La tendenza a documentare online tutto ciò che vediamo ha spinto alcuni architetti a modulare di conseguenza le dimensioni di scala e a giocare con le forme delle loro opere, allo scopo di richiamare l’attenzione. Ne è un esempio lampante il Bjarke Ingels Group (BIG) – studio di architettura – che ha progettato un hotel con una pista da sci sul tetto, edifici che sembrano danzare insieme e un teatro le cui linee ricordano un cravattino da sera. Lo stesso gruppo, di recente, ha creato un palazzo a imitazione di una gigantesca costruzione di mattoncini Lego. In architettura, la tendenza è ottenere forme sempre più stupefacenti: un gioco che riesce benissimo a BIG, e ora anche altri studi, meno famosi, stanno seguendo la stessa strada.

foto lego house BIG

Quale impatto ha tutto ciò sull’innovazione nel design?
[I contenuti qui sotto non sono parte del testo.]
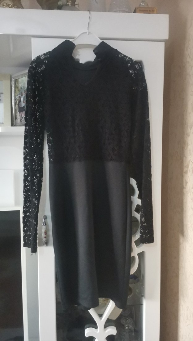 Dantel detaylı uzun kollu ve yüksek yakalı, siyah gotik tarzda, ofise uygun dar kesim elbise.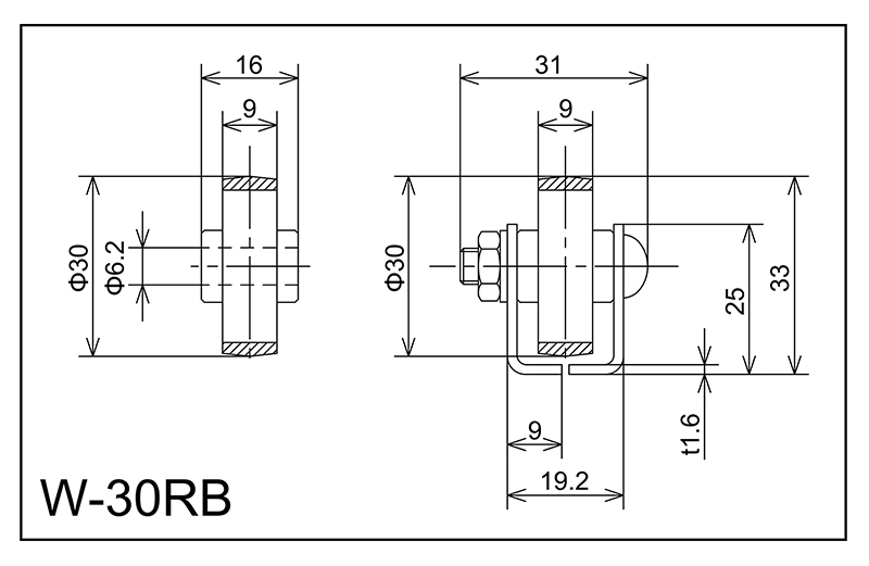 | W-30RB | 30x9x6.2x16 | M6x27l | 25x19.2x9x31x1.6 | 33 | M MD MD · · MM | 35 | 25 | A | Nbr |

Più ci affidiamo ai nostri smartphone, più la nostra capacità di concentrazione sembra diminuire ed è per questo che i negozi e gli spazi che visitiamo sono costretti a moltiplicare e alimentare continuamente l’offerta di nuove esperienze da farci vivere attraverso i nostri dispositivi, modificando continuamente le estetiche. Vero è, però, che in queste infinite proposte c’è il rischio di confondere un luogo con l’altro, interpretando ciò che ci circonda come un semplice sfondo per il nostro album fotografico personale. Oggi anche noi, costantemente impegnati a trafficare con i filtri delle nostre applicazioni, sembriamo non attribuire la dovuta importanza alla bellezza che ci circonda.

Ma se guardiamo tutto attraverso uno schermo, non rischia di sfuggirci il quadro generale? Cosa ne pensate?